Purpose of Bloom filter

  • Solve Redis cache penetration (this article focuses on)

  • When crawling, filter the crawler website. The website already exists in bloom and is not crawling.

  • Spam filtering determines whether each email address is in Bloom's blacklist. If it is, it will be judged as spam.

  • ......

Principle of Bloom filter

Deposit process

When a data is added to this collection, it experiences the following baptism (there are disadvantages here, which will be described below):

  • Calculate the data through k hash functions and return K calculated hash values
  • These k hash values are mapped to the corresponding K binary array subscripts
  • Change the binary data corresponding to K subscripts to 1.

For example, if the first hash function returns x, the second and third hash functions return y and Z, then the binary corresponding to x, y and Z is changed to 1. As shown in the figure:

Query process

The main function of Bloom filter is to query a data. If it is not in this binary set, the query process is as follows:

  • The data is calculated through K hash functions, corresponding to the calculated K hash values

  • Find the corresponding binary array index through the hash value

  • Judgment: if the binary data corresponding to a subscript is 0, the data does not exist. If they are all 1, the data exists in the collection. (there are shortcomings here, which will be discussed below)
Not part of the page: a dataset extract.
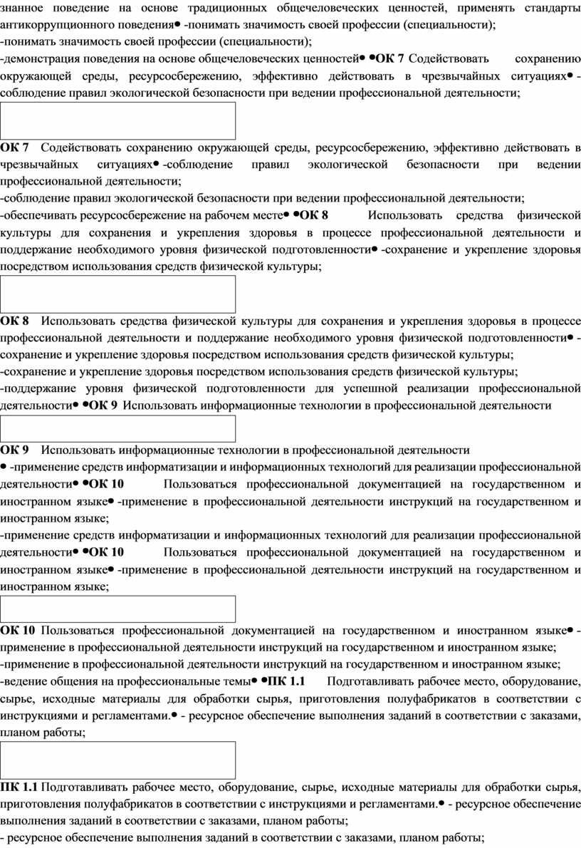 -использование актуальной нормативно-правовой документацию по профессии (специальности); -применение современной научной профессиональной терминологии; -определение траектории профессионального развития и самообразования |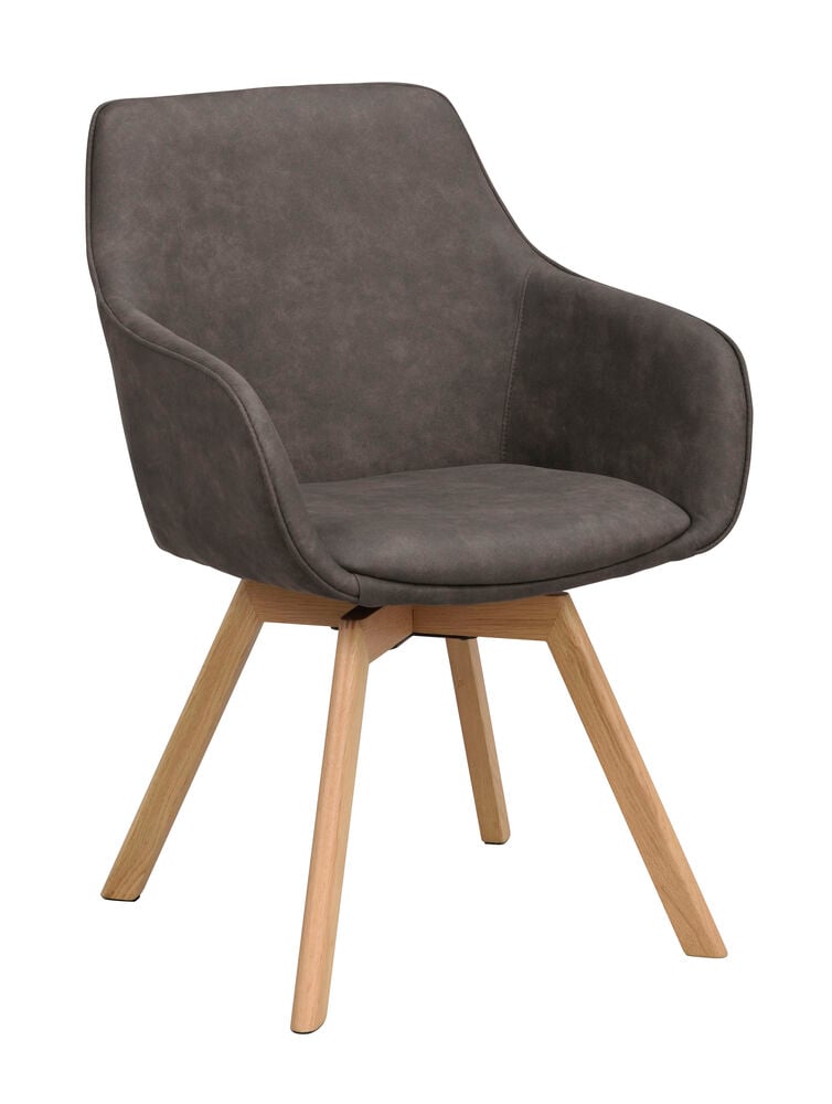 Alison karmstol mörkgrå microfiber/bruna ekben snurr

    You can determine whether there is a binary data of 0 by multiplication.

Delete process

Generally, the data in the bloom filter cannot be deleted, which is one of the disadvantages, which will be analyzed below.
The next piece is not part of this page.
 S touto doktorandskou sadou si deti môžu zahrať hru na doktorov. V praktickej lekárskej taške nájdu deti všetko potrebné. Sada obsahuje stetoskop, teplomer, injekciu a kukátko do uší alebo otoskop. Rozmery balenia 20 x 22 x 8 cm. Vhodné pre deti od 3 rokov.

Advantages and disadvantages of Bloom filter

advantage

  • Because binary data is stored, the space occupied is very small
  • Its insertion and query speed is very fast, and the time complexity is O (K). You can think of the process of HashMap
  • Confidentiality is very good, because it does not store any original data, only binary data

shortcoming

If you add data by calculating the hash value of the data, it is likely that two different data get the same hash value. Hash conflict.

For example, "hello" and "hello" in the figure, if they finally calculate that the hash value is the same, they will change the binary data of the same subscript to 1. At this time, you don't know whether the binary with subscript 2 represents "hello" or "hello".
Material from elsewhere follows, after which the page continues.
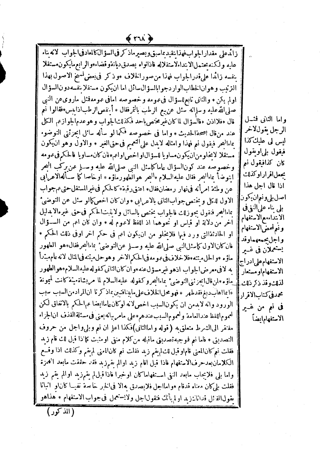 ـــــــــــــــــــــــــــــQزَائِدٍ عَلَى مِقْدَارِ الْجَوَابِ فَهَذَا يَتَقَيَّدُ بِمَا سَبَقَ وَيَصِيرُ مَا ذَكَرَ فِي السُّؤَالِ كَالْمُعَادِ فِي الْجَوَابِ لِأَنَّهُ بِنَاءٌ عَلَيْهِ وَلَكِنَّهُ يَحْتَمِلُ الِابْتِدَاءَ لِاسْتِقْلَالِهِ فَإِذَا نَوَاهُ يُصَدَّقُ دِيَانَةً وَقَضَاءً وَالرَّابِعُ مَا يَكُونُ مُسْتَقِلًّا بِنَفْسِهِ زَائِدًا عَلَى قَدْرِ الْجَوَابِ فَهَذَا مِنْ صُوَرِ الْخِلَافِ وَذُكِرَ فِي بَعْضِ نُسَخِ الْأُصُولِ بِهَذَا التَّرْتِيبِ وَهُوَ أَنَّ الْخِطَابَ الْوَارِدَ جَوَابًا لِسُؤَالِ سَائِلٍ إمَّا أَنْ يَكُونَ مُسْتَقِلًّا بِنَفْسِهِ دُونَ السُّؤَالِ أَوْ لَمْ يَكُنْ وَالثَّانِي تَابِعٌ لِلسُّؤَالِ فِي عُمُومِهِ وَخُصُوصِهِ أَمَّا فِي عُمُومِهِ فَمِثْلُ مَا رُوِيَ «عَنْ النَّبِيِّ - صَلَّى اللَّهُ عَلَيْهِ وَسَلَّمَ - أَنَّهُ سُئِلَ عَنْ بَيْعِ الرُّطَبِ بِالتَّمْرِ فَقَالَ أَيَنْقُصُ الرُّطَبُ إذَا يَبِسَ فَقَالُوا نَعَمْ قَالَ فَلَا إذَنْ» فَالسُّؤَالُ لَمَّا كَانَ غَيْرَ مُخْتَصٍّ بِأَحَدٍ فَكَذَلِكَ الْجَوَابُ وَهُوَ عَدَمُ الْجَوَازِ عَمَّ الْكُلَّ عِنْدَ مَنْ قَالَ بِصِحَّةِ الْحَدِيثِ وَأَمَّا فِي خُصُوصِهِ فَكَمَا لَوْ سَأَلَهُ سَائِلٌ أَيُجْزِئُنِي التَّوَضُّؤُ بِمَاءِ الْبَحْرِ؟ فَيَقُولُ: نَعَمْ فَهَذَا وَأَمْثَالُهُ لَا يَدُلُّ عَلَى التَّعْمِيمِ فِي حَقِّ الْغَيْرِ.

  • Misjudgment: if the above figure does not save "hello" but only "hello", then when querying with "hello", it will be judged that "hello" exists in the set. Because the hash values of "hello" and "hello" are the same, the binary data found through the same hash value is also the same, which is 1.
  • Deletion difficulty: because the hash values of "hello" and "hello" are the same, the corresponding array subscripts are the same. At this time, if you want to delete "hello", change the binary data in subscript 2 from 1 to 0. As a result, we deleted "hello" together. (0 means there is this data, 1 means there is no this data)

Realize bloom filter

There are many implementation methods, one of which is the implementation method provided by Guava.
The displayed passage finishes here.